After all, the sitcom ended in 1984 and Winkler had a lot of years left for work.

So, Outsiders, we’re wondering how he worked on changing that image away from “Fonzie” toward new roles. Winkler discussed it in an interview with Insider.

Right after “Happy Days” ended, Winkler worked on producing “MacGyver.” But he could not get an acting role.

“I sat in my office and I thought, ‘Oh my god, I am having pain in my brain because I don’t have a plan B,'” Winkler said. He said that playing on “Happy Days” was what he “dreamed of doing.” But he did not have “the next step” ahead in his life.

“People would say, ‘Wow, he’s funny. He’s such a good actor. But he was The Fonz,'” Winkler said. “And so they would pass me by. You have to learn to find the strength in yourself to deal with that, reinvent yourself, move on.”

But all that has changed as he’s been in shows like “Arrested Development” and “Barry.” Winkler also has done movies like “Night Shift” and “The Waterboy.” It appears that the former “Fonzie” actor has done quite well.

‘Happy Days’ Star Uses Two Core Emotions To Keep Him Working As An Actor

Sure, Outsiders, it might be easy to believe that Winkler could just rest easy after all those years on “Happy Days.”

But his anxiety and fear, two core emotions, would not let him do so.

“Anxiety and fear,” Winkler said. “Fear that I will not be relevant.

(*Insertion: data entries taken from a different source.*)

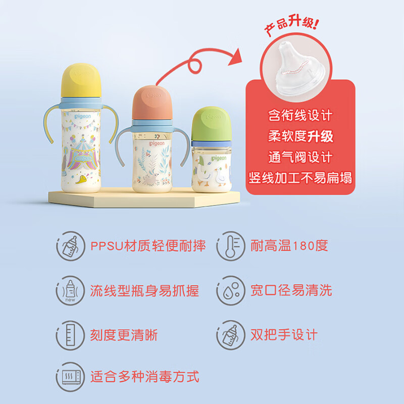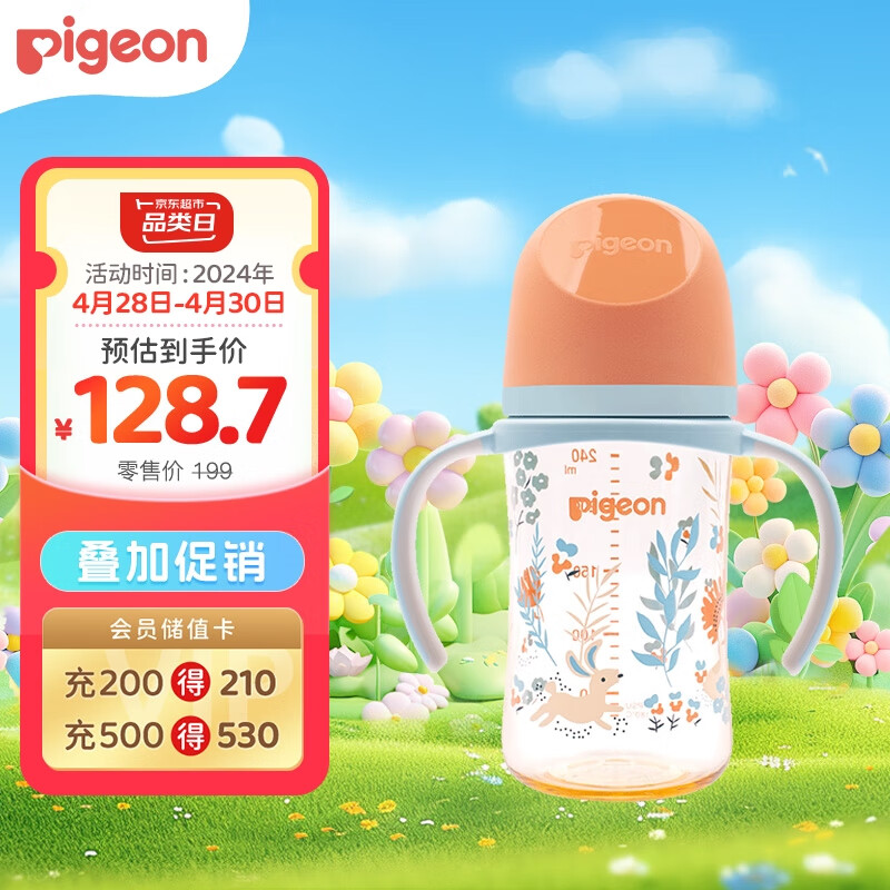 贝亲(Pigeon)自然实感第3代 双把手奶瓶 240ml-丛林小兔 M号 3个月以上 AA218价格:141.30元!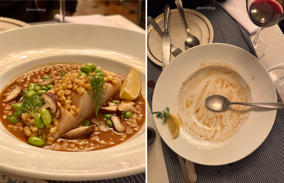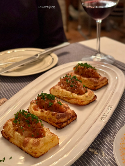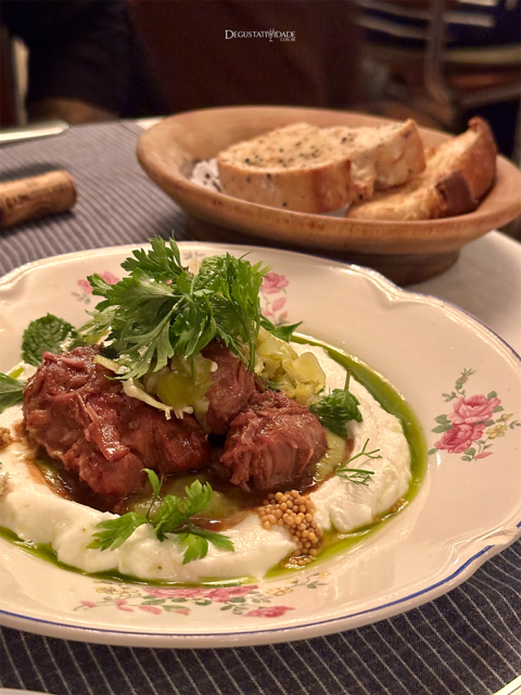 Adorei reviver a bochecha de porco com boursin e molho de ervas e amendoim (R$78) e também a tostada de broa, que agora se apresenta com tartar de atum (R$65).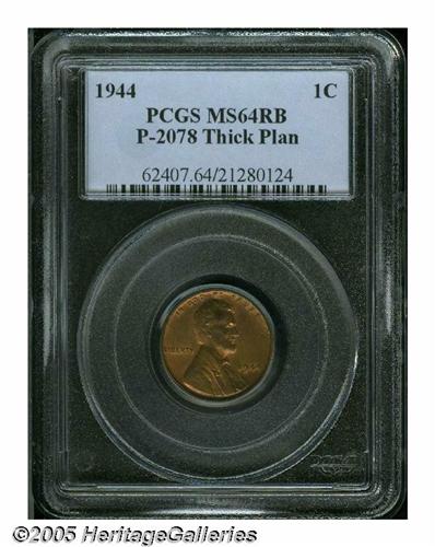 <B>1944 Cent, Pollock-2078, R.7?, MS 64 Red and Brown PCGS.</B></I> Struck from the regular dies of 1944, but on thicker planchet stock. Struck from bronze or some similar copper composition with a plain edge. Listed as 'experimental cents' in the Seventh Edition of the Judd pattern reference, page 223. Some numismatists believe the variety to be a mint error, "the planchets cut from sheets of rolled stock intended for the production of foreign coins" according to Pollock. A lustrous, clean, and bold near-Gem, the orange color faded to medium brown hues across the portrait and the exposed fields.
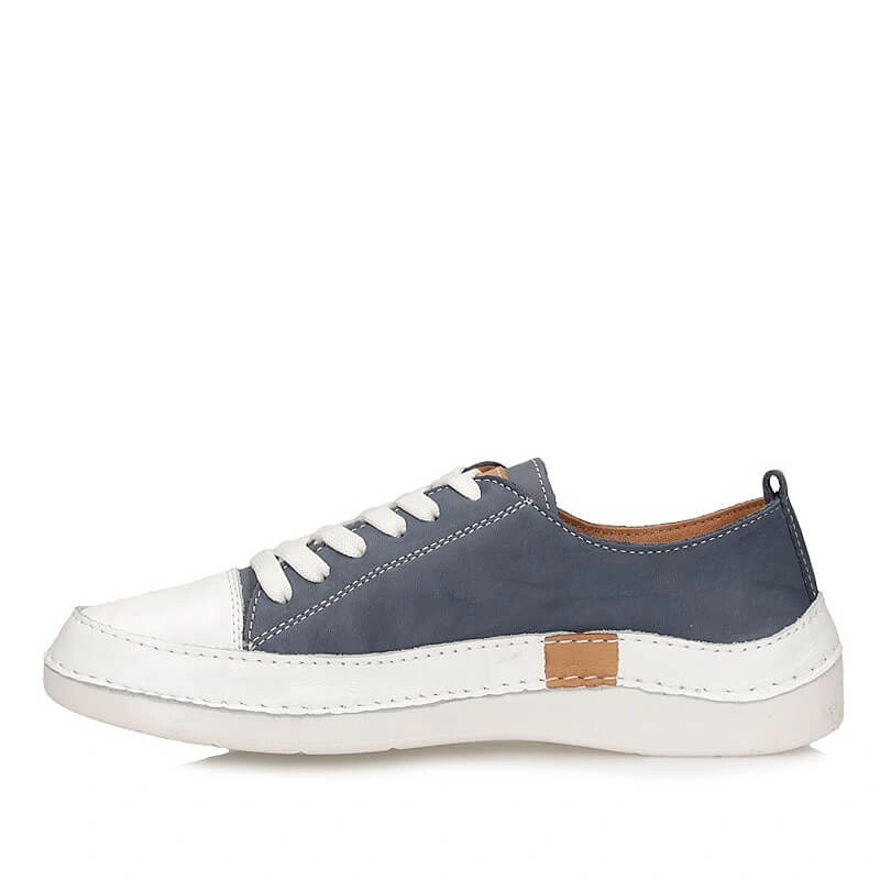 Skórzane całodzienne półbuty damskie w kolorach granatowym i białym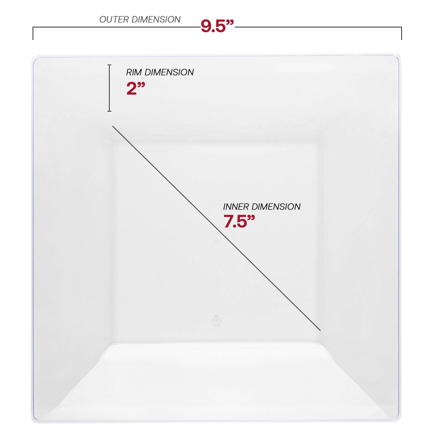These 9.5" Clear Square Disposable Plastic Dinner Plates come in bulk cases with 12 packs in each case and 10 plates in each pack. Buying in bulk ensures you have enough plates for your guests and will save you money at the same time.
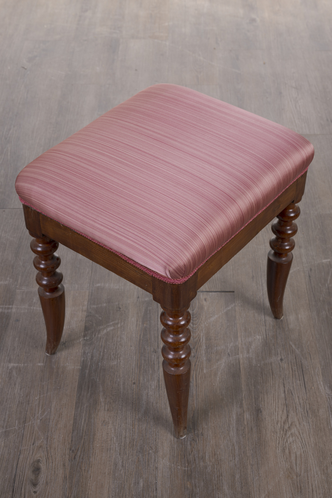 Struttura in legno, sostegni in legno tornito e lavorato, sedute in tessuto imbottito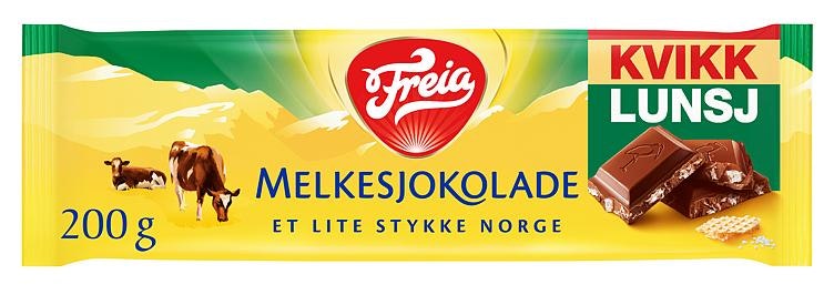 Kvikk Lunsj Melkesjokolade 200 g fra Freia Produktet er tilgjengelig hos Oda til en pris av 41.90 kr. Vekten er 200 g. Produktet leveres av Mondelez Norge AS. Produktet ble første gang registrert 9.1.2022 og sist oppdatert 7.10.2023. Prisen har holdt seg stabil på 41.90 kr.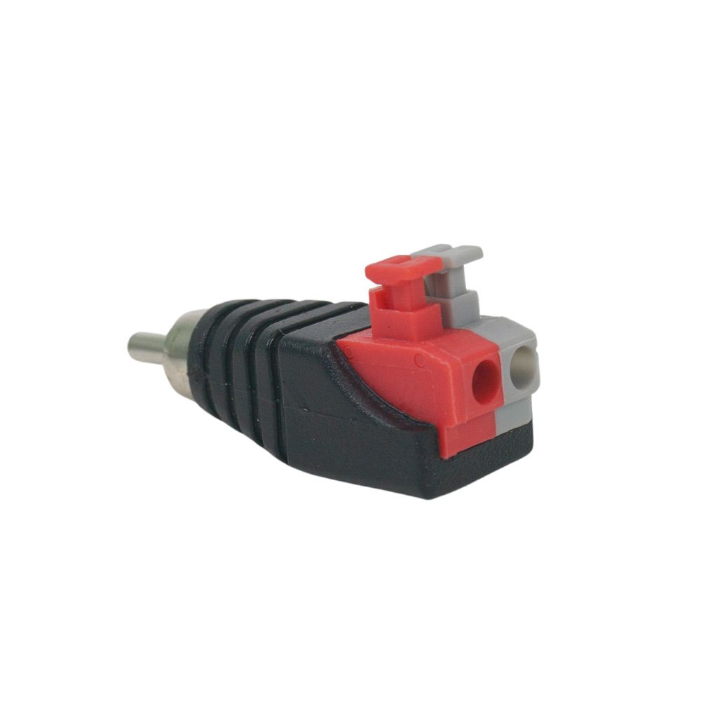 Роз'єм RCA для передачі аудіосигналу. З одного боку гніздо RCA (тато) - з іншого 2 клеми. З'єднання сухий контакт. Пластиковий корпус. Тип інтерфейсу: AV

And I don’t mean famous, I just mean that I will not be in the mix. I take my pick and my ax and I go to work every day and I mine the system. I don’t wait necessarily for it to come to me.”

How has that worked for him? Pretty dang well, Outsiders. Winkler has had roles in diverse productions of horror, comedy, and independent films.

The actor uses his work ethic to keep going. His long career is amazing but Winkler chalks it up to luck.

“You know what’s interesting?” he asks. “There are very few guest stars because every time I would go and do a guest star like on ‘Arrested Development’ I was hired for one or two shows and I stayed for five years.”

He then says that his role on “Parks and Recreation” started out as a guest star spot. He stayed on there for three years.

“That tells you how fortunate I am, to tell you the truth,” he said. “I don’t take that for granted.”